Contract for Sale/Potential Litigation. The Trident Borrower entered into
an Agreement of Purchase and Sale for the Trident Property dated July 14, 1998
(the "Sales Contract"), but the sale of the Trident Property was not completed.
The Trident Borrower alleges that the buyer under the Sales Contract defaulted,
whereas the buyer claims that the Trident Borrower defaulted and has demanded a
return of its $1,000,000 deposit (the "Deposit"), $700,000 of which is
currently held by Commonwealth Land Title Insurance Company and $300,000 of
which is currently held by the Trident Borrower. The Trident Borrower has
agreed that the Deposit shall not be released until either (i) the issuance of
a final, non-appealable court order denying the buyer's claim that the Trident
Borrower defaulted under the Sales Contract and authorizing the release of the
Deposit to the Trident Borrower, or (ii) the delivery of a written general
release of the Trident Borrower by the buyer, together with a joint instruction
letter executed by the buyer and the Trident Borrower authorizing the release
of the Deposit. To further protect against any such potential claim, the
Trident Borrower has deposited an additional $1,000,000 (the "Litigation
Escrow") with the CSFB Mortgage Loan Seller as additional collateral for the
Trident Loan, and has granted the CSFB Mortgage Loan Seller a security interest
therein, which Litigation Escrow shall only be disbursed as follows: (i) as set
forth in a joint instruction letter executed by buyer and the Trident Borrower,
(ii) to the Trident Borrower upon the Servicer's receipt of a final,
non-appealable court judgment that the Trident Borrower has not defaulted under
the Sales Contract or, in the alternative, proof satisfactory to the Servicer
that the buyer has not commenced an action seeking damages within one year from
the Closing Date, or (iii) to the Trident Borrower upon the delivery to the
Servicer of a written general release of the Trident Borrower by the buyer.
Moreover, the CSFB Mortgage Loan Seller received legal opinions from Manatt,
Phelps & Phillips, LLP and Mitchell, Silberberg & Knupp LLP generally opining
that the buyer's claims are without merit. In addition, the CSFB Mortgage Loan
Seller has obtained indemnity agreements from Trident Holdings LLC, Manatt,
Phelps & Phillips, LLP and Mitchell Silberberg & Knupp LLP (collectively, the
"Indemnitors"), which provide that, in the event the buyer obtains a final,
non-appealable judgment for damages against the Trident Borrower in excess of
the Litigation Escrow, the Indemnitors will pay such judgment.

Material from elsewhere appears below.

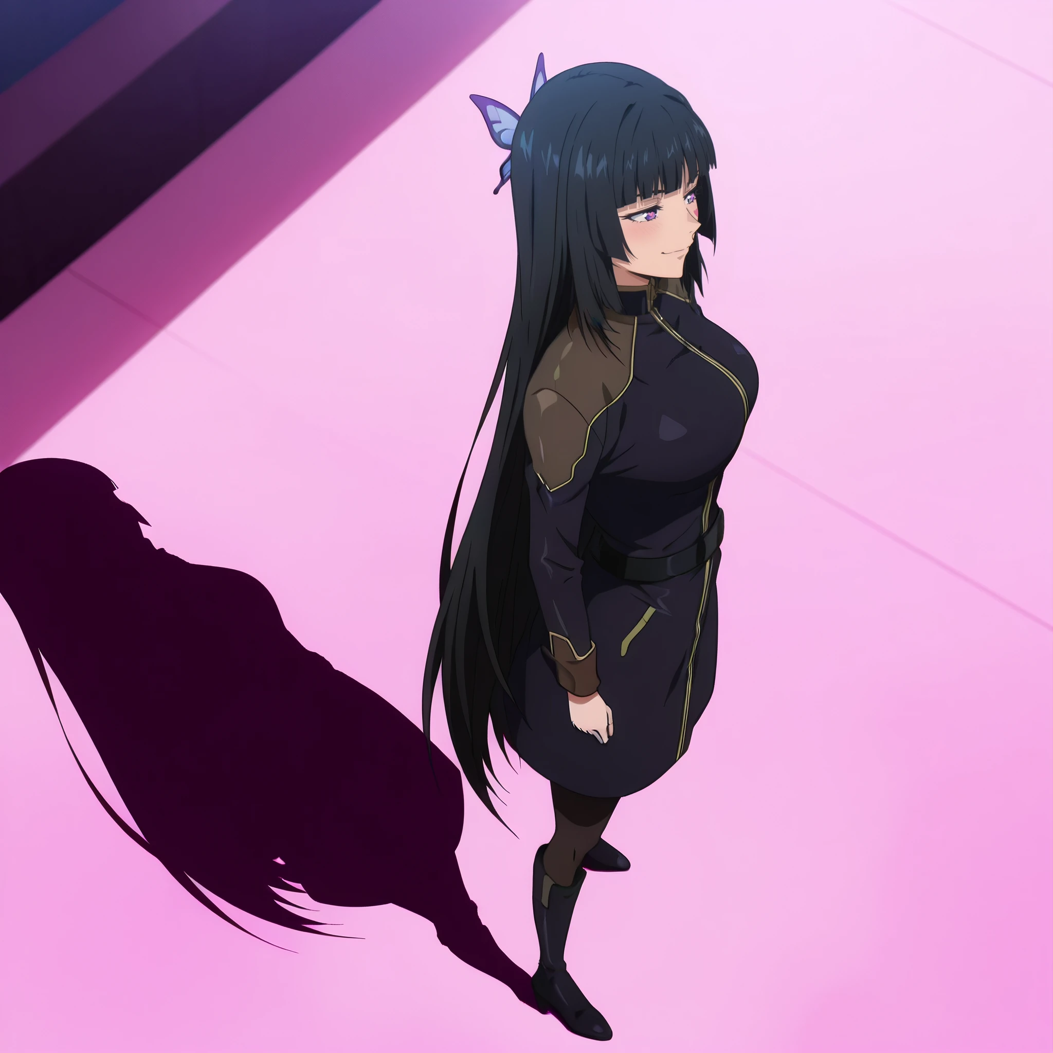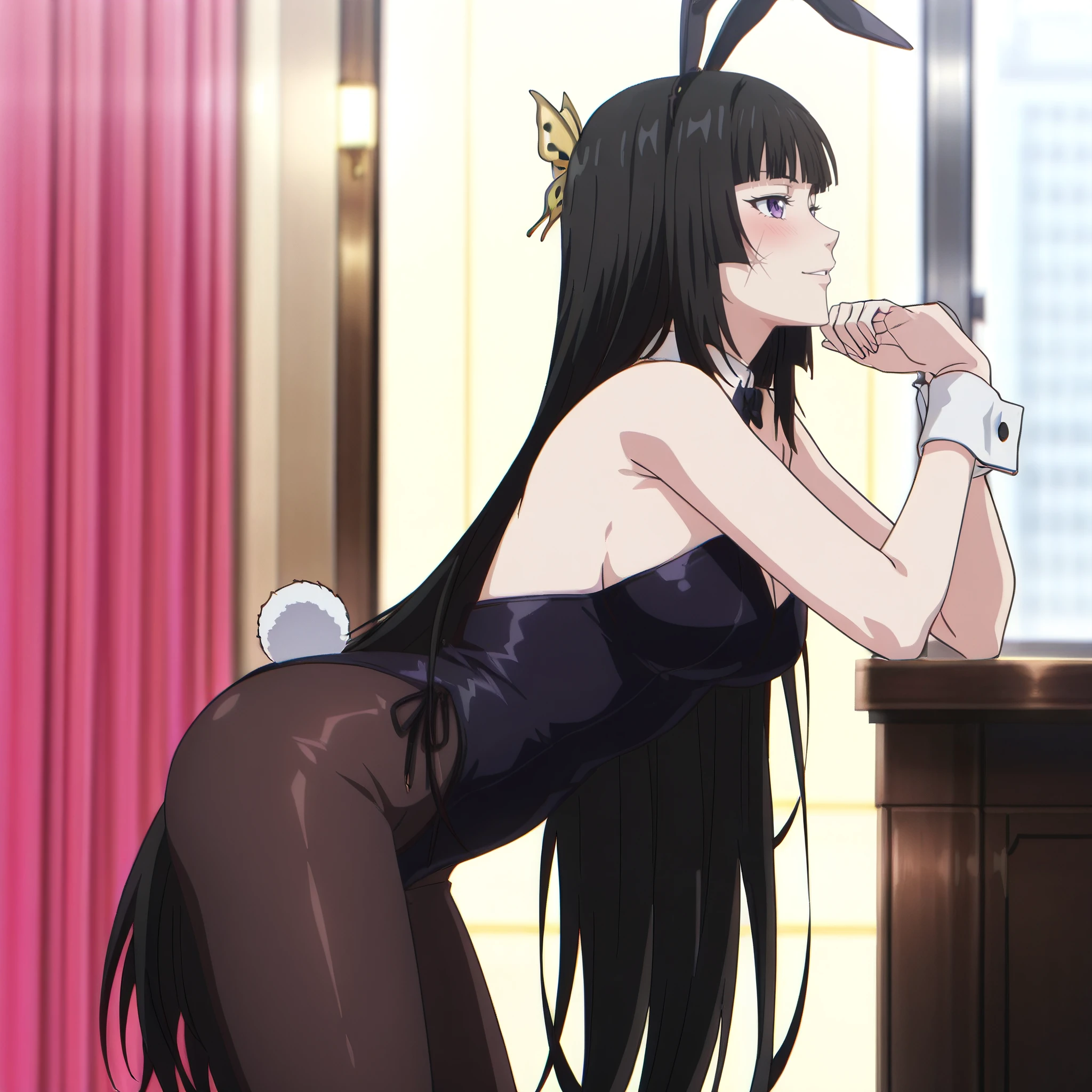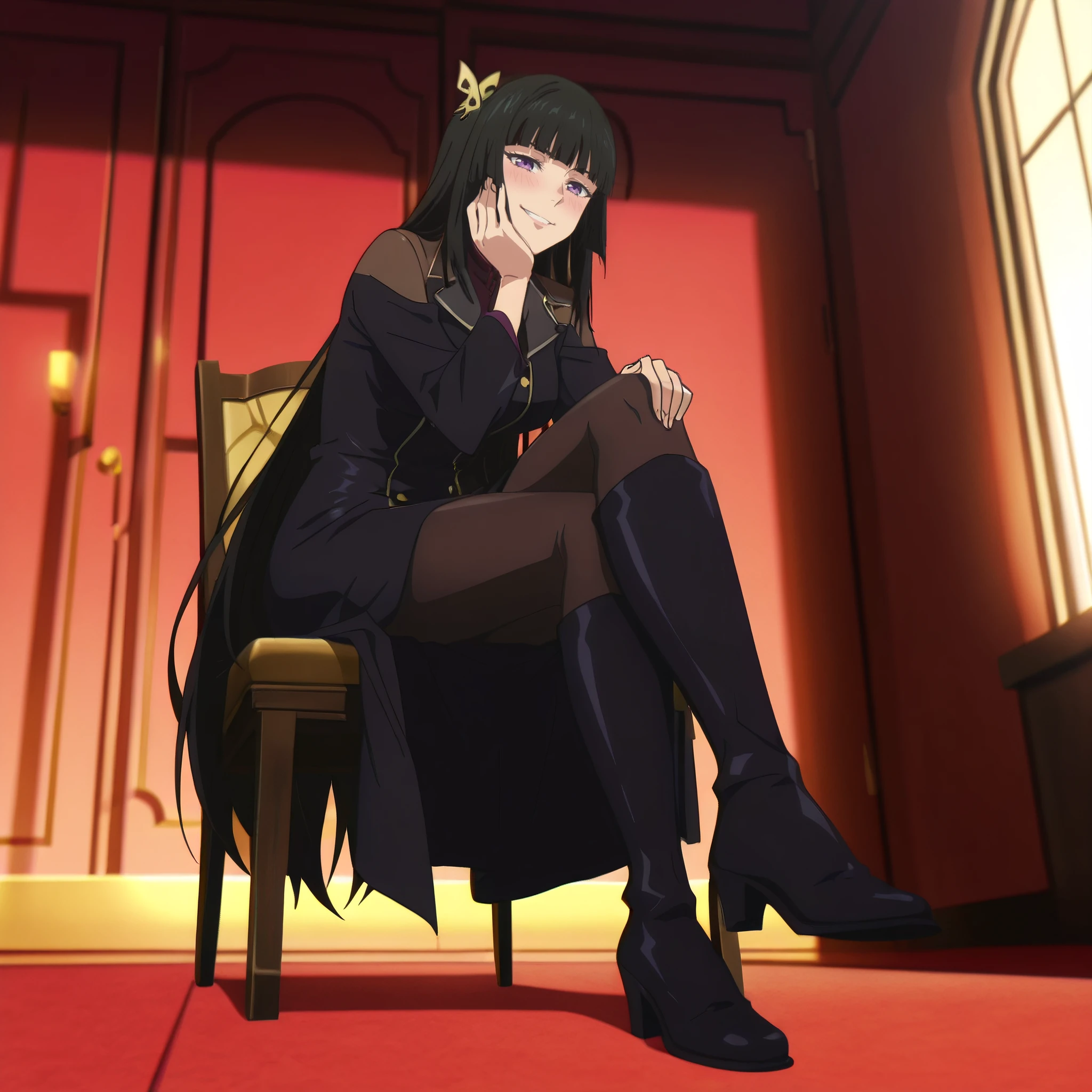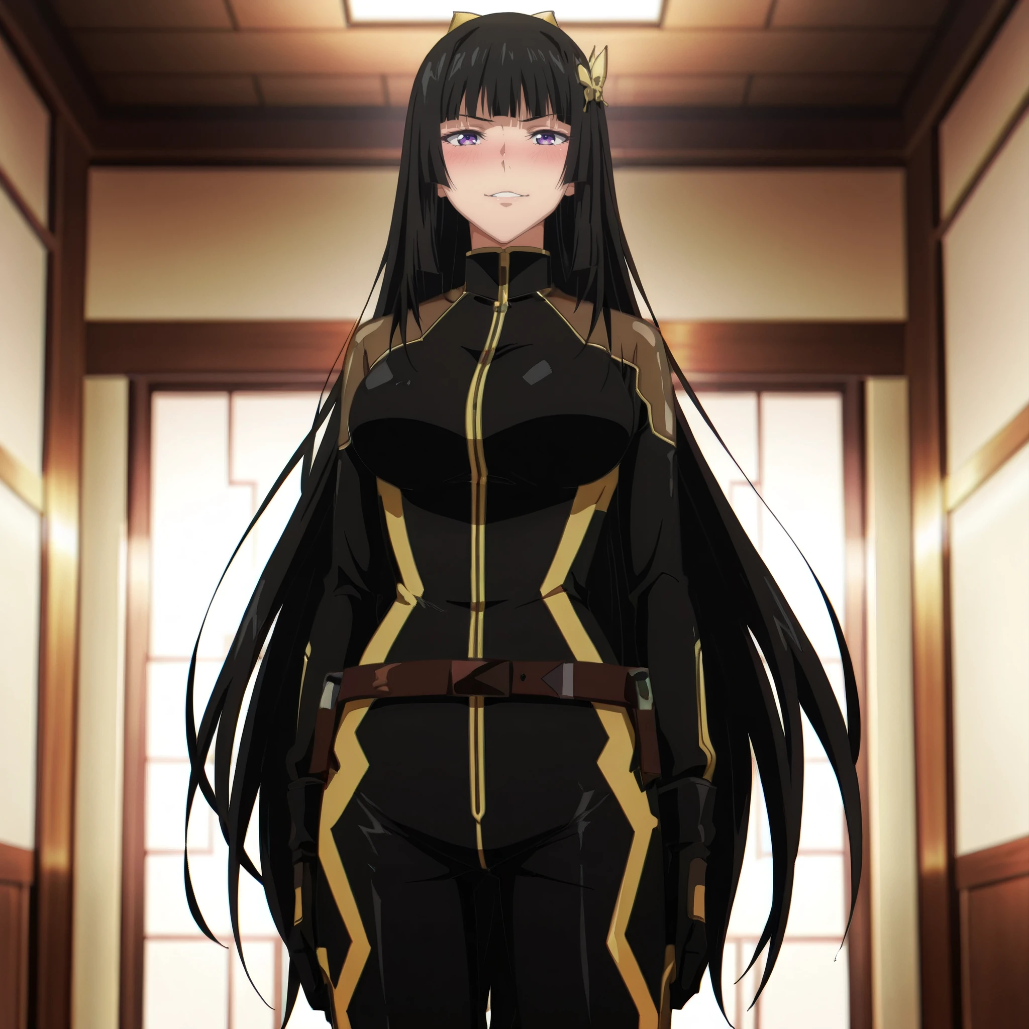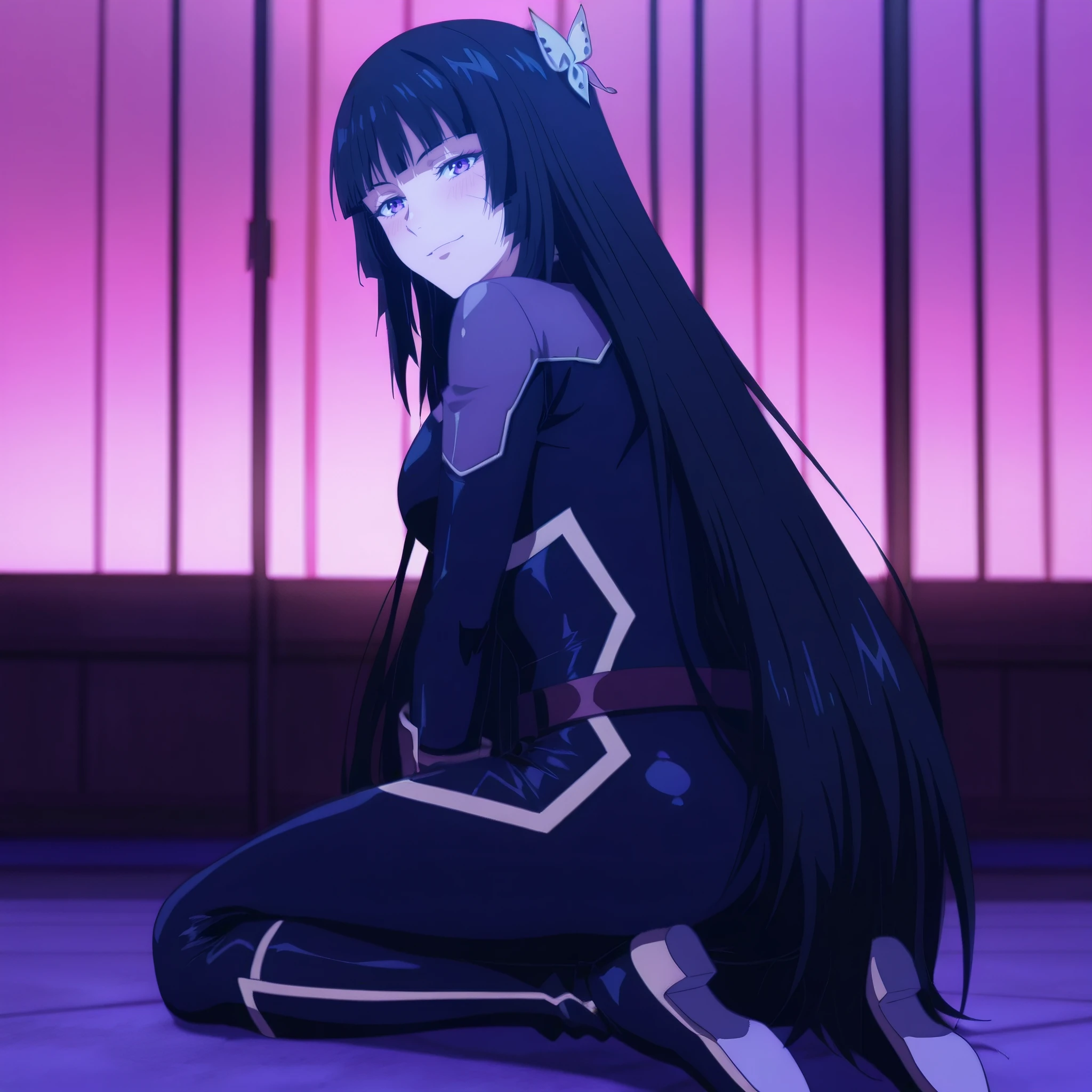 DRMai, purple eyes, black hair, very long hair, blunt bangs, hime cut, butterfly hair ornament, yellow hair ornament,

The Thurman Portfolio Loan
The Loan. The eighth largest Mortgage Loan (the "Thurman Portfolio Loan")
was originated by the CSFB Mortgage Loan Seller on November 6, 1998 and has a
principal balance as of the Cut-off Date of $55,745,250.00, which represents
approximately 2.9% of the Initial Pool Balance. The Thurman Portfolio Loan is
secured by mortgages encumbering 10 multifamily apartment complexes located in
3 states (collectively, the "Thurman Portfolio Properties"). The Thurman
Portfolio Loan was made to 6 borrowers (the "Thurman Portfolio Borrowers") as
detailed below.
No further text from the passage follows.